The first step (Insured) brings the search to the node that is subordinate to the root node and has details on the root element. The Insured node refers to a single element, but the general rule is important: location steps provide access to a node set, which is a group of nodes that (with exceptions) are arranged in XML-source order (an order that reflects the sequence of content in the XML source) or is an empty set. An empty set is the outcome when no node conforms to the selection criteria.

We will have more to say about ordering in due time.

In general terms, a location path is an XPath expression that resolves to a node set.
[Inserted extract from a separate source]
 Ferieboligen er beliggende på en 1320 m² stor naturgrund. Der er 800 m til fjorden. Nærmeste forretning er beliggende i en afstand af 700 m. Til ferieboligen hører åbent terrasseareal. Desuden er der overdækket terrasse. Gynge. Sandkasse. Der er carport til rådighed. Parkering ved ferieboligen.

An absolute location path is one that starts at the root node, and a relative location path is one that starts in the middle of a node tree.
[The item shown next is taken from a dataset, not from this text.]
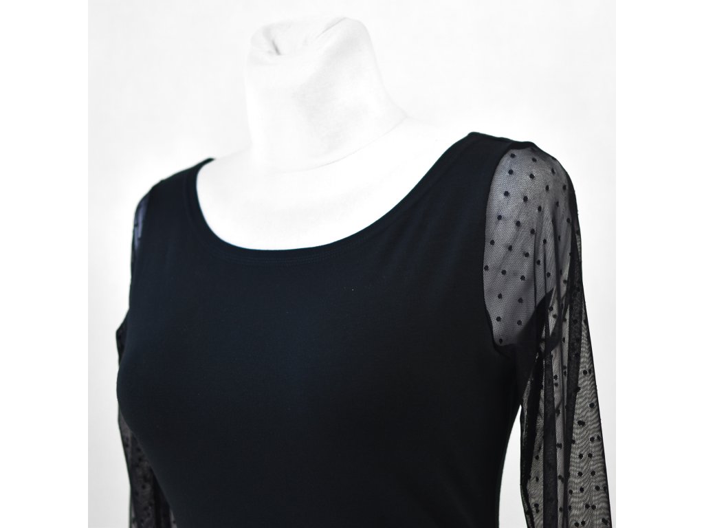 Dámské tričko z příjemného elastického úpletu. V pase projmuté, lodičkový výstřih, rukávy jsou z jemného hladkého tylu, pruží a lehce se leskne, na konci je začištěný.

The second step in our sample expression (CarPolicy) brings us to a node set that has multiple members - specifically, a set of all CarPolicy nodes that are children of the Insured node.

The third step (Vehicle[@Category='Coupe']) continues the path, referencing all Vehicle nodes that are children of any CarPolicy node that is itself a child of the Insured node. The brackets ([]) and the syntax internal to them is a predicate, which contains a Boolean expression or (as shown later) an abbreviation that is expanded to a Boolean expression. The XPath processor selects only the nodes for which the expression evaluates to true.

In this case, the location step means "access all the Vehicle nodes, with the further restriction that the string value of the Category attribute node is Coupe." When you refer to an attribute node in a predicate, you precede the name with the "at sign" (@), as shown.

Here's another predicate, outside our example.

 [@Exterior='white' and @Interior='red']

You might read this as, "… with the further restriction that the exterior is white and the interior is red."

Continuing with our main example, the fourth step (Make) completes the path, referencing the Make node for the Vehicle nodes whose Category attribute value is Coupe. In this case, the overall expression resolves to an element node whose string value is Buick.

XPath cannot create nodes or add detail to an XML source. You can use XPath in the context of XSLT, however, to create output that is based on, first, an XML source and, second, a set of directions (including XPath expressions) that are supplied in an XML stylesheet. If you use the instructions in Appendix B to try out XPath expressions, you'll be creating an output with XSLT.